Is 'editing’ human embryos ethical?

Genetic manipulation of sperms and eggs can create inheritable changes, opening up an array of ethical, legal and health concerns.  

In a strongly worded comment published last week in Nature, a group of scientists has raised ethical and safety concerns over genetically editing human embryos. They hint that the method has the potential to create that eugenically worrisome concept of the designer baby using specific genes for greater intelligence or specific physical attributes such as blue eyes.

Voluntary moratorium

The scientists — representing bioscience institutes in the U.S. — have called for a “voluntary moratorium” in the scientific community to discourage such research, in their comment titled “Don’t edit the human germ line.” This could have unpredictable effects on future generations, they add.
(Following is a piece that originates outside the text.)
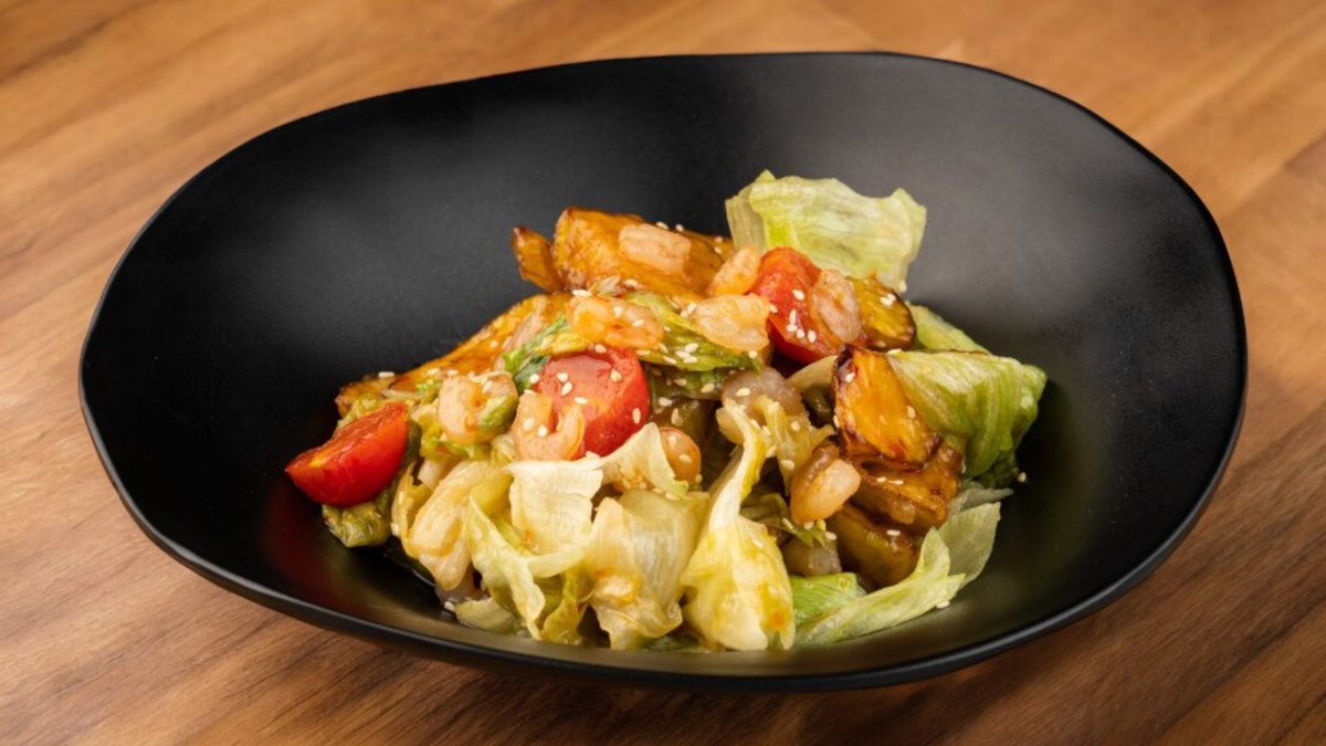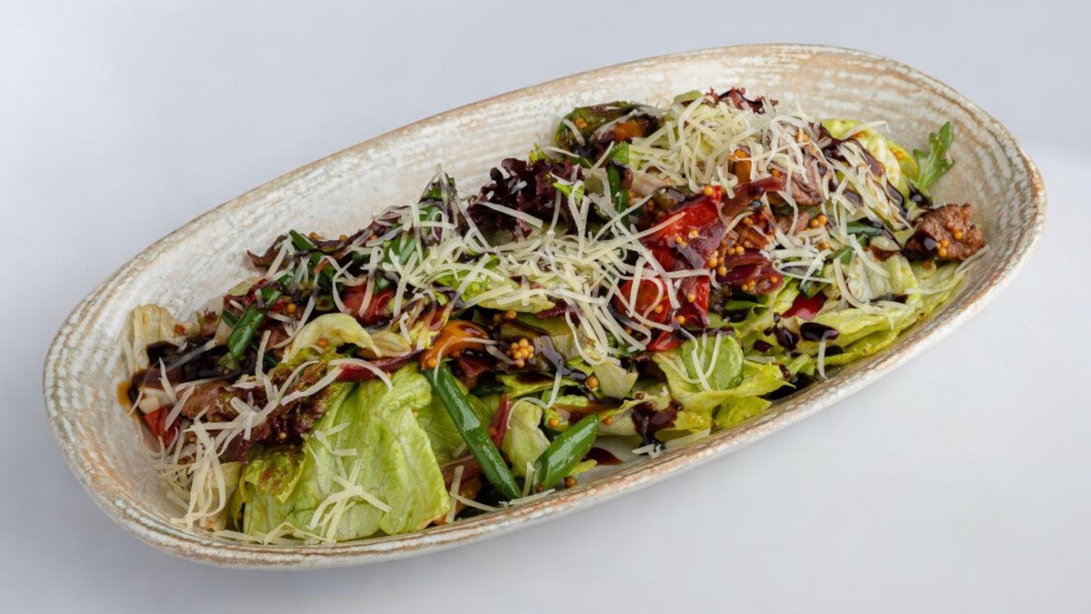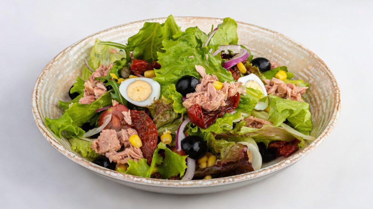 300г Омлет, лук, стручковая фасоль, вяленые помидоры, сыр, красная рыба, микс салат

Genome-editing technology does offer promising tools to correct disease-genes by snipping away harmful mutations to possibly treat human diseases such as HIV/AIDS, haemophilia, sickle-cell anaemia and forms of cancer, says the paper. But when genetic manipulation targets sperms and eggs (the germ line), the changes can be inherited, opening up an array of ethical, legal and health concerns. Such research, moreover, “could be exploited for non-therapeutic modifications,” they say.

Scientists “should agree not to modify the DNA of human reproductive cells” and “a voluntary moratorium in the scientific community could be an effective way to discourage human germline modification.” Using genome-editing to manipulate germ cells, could undermine genetic interventions to treat serious debilitating diseases, the paper says.

The comment speaks of soon-to-be-published studies on modifying the DNA of human embryos and refers to an article titled “Engineering the perfect baby,” published in the MIT Technology Review. The article speaks of several labs around the world researching on genetically editing embryos and altering human heredity. “The objective of these groups is to demonstrate that it’s possible to produce children free of specific genes that cause inherited disease,” the article said.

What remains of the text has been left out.